The End Times & Christ’s Eucharistic Reign

Fr. Dwight Campbell

11/17/2024

Homily 33rd Sunday Yr B: The End Times & Christ’s Eucharistic Reign

by Fr. Dwight Campbell, S.T.D., J.D.

 

In case you had not noticed it, we are approaching the end of the Church year. 

Next week is the feast of Christ the King, the last Sunday of the Church year, after which begins a new Church year with the first Sunday of Advent.

Most fittingly, the theme of the readings for this Sunday, which precede next week’s celebration of the final triumph of Jesus Christ and His universal Kingship, is the events that will take place at end of the world.

In our first reading for this Sunday, the Old Testament Prophet Daniel speaks about the resurrection of the dead on the Last Day, at Christ’s 2nd Coming in glory, when He, the King of kings, will judge the living and the dead.
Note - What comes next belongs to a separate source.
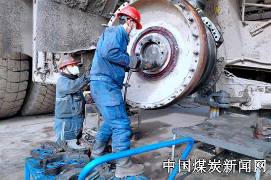 近日,为保证煤炭产量,国家能源投资集团准能设备维修中心进一步加强设备日常巡检力度,对设备关键部位和系统进行深入细致检查,认真做好隐患排查与整治工作,从源头上消除设备缺陷和隐患,全力保证疫情防控期间设备高效运行。图为该中心职工正处理设备制动故障。
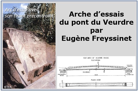 L’Arche d’essais du Pont du Veurdre a été inscrite le 1er octobre 2021 à l’inventaire des Monuments Historiques. Il est important de rendre hommage à Eugène Freyssinet qui, en construisant cet ouvrage éprouvette, a réalisé le premier tirant-buton en béton précontraint au monde pour assurer l’immobilité des culées de l’arche.

Daniel says that those who sleep in the dust of the earth (the dead) shall rise; 

some shall “live forever” (that is, the just) and will “shine brightly like the splendor of the firmament and be like the stars forever”; 

others shall experience “everlasting horror and disgrace” – that is, the condemned. 

Jesus speaks about His 2nd Coming in our Gospel today, when He says that “after the tribulation” they will “see the Son of Man coming on the clouds.”

What is this “tribulation” He refers to? The events of the End Times.

The Prophet Daniel tells us what will happen during the End Times, the final days of the world, before Christ’s 2nd Coming.

He prophesies how Saint Michael the Archangel, Guardian of the Church, will arise during a time “unsurpassed in distress” from the beginning of the world.

Why will the time preceding Christ’s Second coming be a time “unsurpassed in distress”? Because the Antichrist – who will claim to be the Christ/Messiah, but in reality will be a false Christ and demand worship of himself – will rule over the entire world for 3 ½ years – aping the time of Jesus’ public ministry of 3 ½ years.

During his horrible reign, he will persecute the faithful in the Church. It will be a time of many martyrs who will shed their blood by giving witness to Jesus. 

If you keep reading chapter 12 of the prophet Daniel, he speaks of how during “the end time” – a year, two years, and a half year (3 ½ years in total, the time of the Antichrist) – “many shall fall away and evil shall increase.” 

Other books of the Bible speak of these “End Times.” 

In Chapter 11 of the Book of Revelation, St. John calls the Antichrist the “Beast.” He speaks of two men who will confront the Antichrist, the Beast, who will reign fo 42 months. 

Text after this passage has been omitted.